In the second stage, beginning 48 hours after the injury, the adrenals are greatly enlarged but regain their lipoid granules, while the medullary chromaffin cells show vacuolization; the edema begins to disappear; numerous basophiles appear in the pituitary; the thyroid shows a tendency towards hyperplasia (more marked in the guinea pig); general body growth ceases and the gonads become atrophic; in lactating animals, milk secretion stops. It would seem that the anterior pituitary ceases production of growth and gonadotropic hormones and prolactin in favor of increased elaboration of thyrotropic and adrenotropic principles, which may be regarded as more urgently needed in such emergencies.

If the treatment be continued with relatively small doses of the drug or relatively slight injuries, the animals will build up such resistance that in the later part of the second stage the appearance and function of their organs returns practically to normal; but with further continued treatment, after a period of one to three months (depending on the severity of the damaging agent), the animals lose their resistance and succumb with symptoms similar to those seen in the first stage, this phase of exhaustion being regarded as the third stage of the syndrome.

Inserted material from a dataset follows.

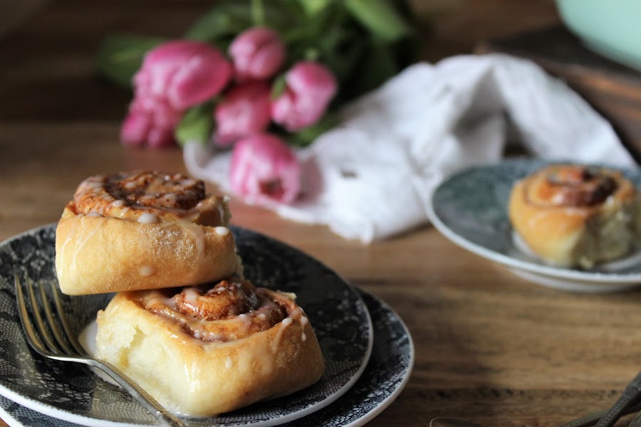Como para todos los platos, existen multitud de recetas, yo hago una muy facilita que queda genial. La masa es muy parecida a la de los brioches, que junto al hojaldre, es una de mis masas preferidas y el relleno se hace con una mezcla de mantequilla, azúcar y bien de canela. Para los más golosos un rico glaseado que te animo a que le pongas porque le da el toque final para hacerlos irresistibles. Se hornean de forma que al crecer se peguen unos a otros y así, al sacar las porciones se despegan y dejan ver la masa tierna y esponjosa.También los puedes hornear individualmente.

We consider the first stage to be the expression of a general alarm of the organism when suddenly confronted with a critical situation, and therefore term it the "general alarm reaction." Since the syndrome as a whole seems to represent a generalized effort of the organism to adapt itself to new conditions, it might be termed the "general adaptation syndrome." It might be compared to other general defense reactions such as inflammation or the formation of immune bodies. The symptoms of the alarm reaction are very similar to those of histamine toxicosis or of surgical or anaphylactic shock; it is therefore not unlikely that an essential part in the initiation of the syndrome is the liberation of large quantities of histamine or some similar substance, which may be released from the tissues either mechanically in surgical injury, or by other means in other cases. It seems to us that more or less pronounced forms of this three-stage reaction represent the usual response of the organism to stimuli such as temperature changes, drugs, muscular exercise, etc., to which habituation or inurement can occur.